I’m very new to programming in general so very sorry if I don’t provide enough information. I tried this on docker with dolfinx:stable and on a virtual machine with Ubuntu 24.04 and I run my (real) machine on Windows 10.

edit: for the VM I simply followed the steps provided on the site to install:

sudo add-apt-repository ppa:fenics-packages/fenics
sudo apt update
sudo apt install fenicsx

Here is a version compatible with dolfinx v 0.8.0:

from dolfinx import mesh, fem, io, default_scalar_type
from dolfinx.fem.petsc import LinearProblem
from mpi4py import MPI
import ufl
import numpy as np
import basix.ufl

L = 1
W = 0.2
mu = 1
rho = 1
delta = W / L
gamma = 0.4 * delta**2
beta = 1.25
lambda_ = beta
g = gamma

nb_cells = 20

gdim, shape, degree = 3, "interval", 1
c_el = basix.ufl.element("Lagrange", shape, degree, shape=(gdim,))
x = np.array([[0, 0, 0], [0.2, 0, 0], [0.6, 0, 0], [1, 0, 0], [1.3, 0, 0]])
cells = np.array([[0, 1], [1, 2], [2, 3], [3, 4]], dtype=np.int64)
domain = mesh.create_mesh(MPI.COMM_WORLD, cells, x, ufl.Mesh(c_el))

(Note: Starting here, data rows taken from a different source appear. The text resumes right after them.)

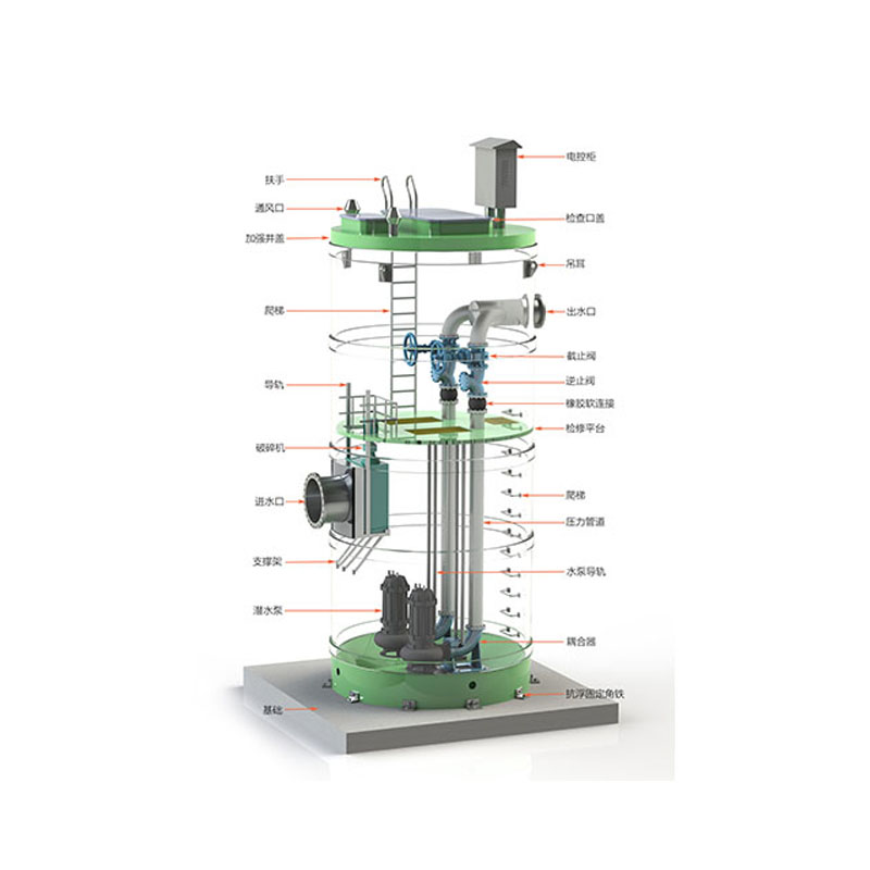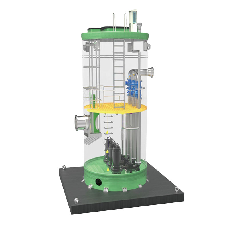 預制泵站作為一體化設備,成套提供:泵站筒體、壓力管道、檢修平臺、檢修爬梯、格柵裝置、耦合系統(tǒng)、通風裝置、防滑井蓋等。
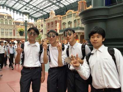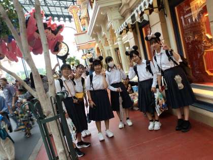 夢の国にきました。ディズニーは薄曇りとの昨日の予報に期待していたのですが、傘が手放せない夢の国になりました。が、あくまでも小雨。生徒たちはさっそく張り切って活動しています。楽しみましょう!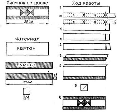 4. Составление плана работы. Учащиеся подобные изделие выполняют впервые. Поэтому организует коллективное составление плана по предметной карте. Он следит за тем, чтобы отвечающие точно указывали, во сколько раз складывается полоска бумаги, как располагается шаблон, где соединяются фигурки. Затем он объясняет, как образуется соединение фигурок. В ходе ответов учащиеся должны также назвать инст­рументы и приспособления.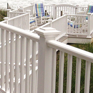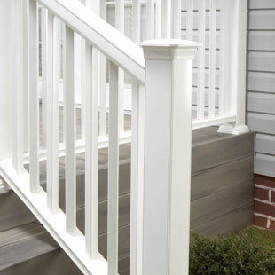 PVC can be cut, coped, milled, and drilled just like wood without the maintenance and weather-related problems wood railings can entail. This material is an excellent choice for detailed classic designs.

# domain = mesh.create_interval(comm=MPI.COMM_WORLD, points=(0, 1), nx=nb_cells)

element_interpolation_order = 1
print(domain.ufl_cell())
V = fem.functionspace(domain, ("Lagrange", element_interpolation_order, (gdim,)))


def clamped_boundary(x):
    return np.isclose(x[0], 0)


fdim = domain.topology.dim - 1
boundary_facets = mesh.locate_entities_boundary(domain, fdim, clamped_boundary)

u_D = np.array((0.0,) * 3, dtype=default_scalar_type)
bc = fem.dirichletbc(u_D, fem.locate_dofs_topological(V, fdim, boundary_facets), V)

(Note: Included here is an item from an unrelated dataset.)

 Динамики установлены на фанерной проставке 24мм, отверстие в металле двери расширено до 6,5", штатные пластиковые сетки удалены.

T = fem.Constant(domain, default_scalar_type((0, 0, 0)))

coords = domain.geometry.x

ds = ufl.Measure("ds", domain=domain)


def epsilon(u):
    return ufl.sym(
        ufl.grad(u)
    )  # Equivalent to 0.5*(ufl.nabla_grad(u) + ufl.nabla_grad(u).T)


def sigma(u):
    return lambda_ * ufl.nabla_div(u) * ufl.Identity(len(u)) + 2 * mu * epsilon(u)


u = ufl.TrialFunction(V)
v = ufl.TestFunction(V)
print(V.__dict__)
test = epsilon(u)
print(test)
f = fem.Constant(domain, default_scalar_type((0, 0, -rho * g)))
a = ufl.inner(sigma(u), epsilon(v)) * ufl.dx
L = ufl.dot(f, v) * ufl.dx + ufl.dot(T, v) * ds

problem = LinearProblem(
    a, L, bcs=[bc], petsc_options={"ksp_type": "preonly", "pc_type": "lu"}
)
uh = problem.solve()

# print(type(uh))
# print(uh.x.array)

with io.XDMFFile(
    domain.comm, "deformation.xdmf", "w", encoding=io.XDMFFile.Encoding.ASCII
) as xdmf:
    xdmf.write_mesh(domain)
    uh.name = "Deformation"
    xdmf.write_function(uh)

Thank you so much for taking the time to help me out! This community is great!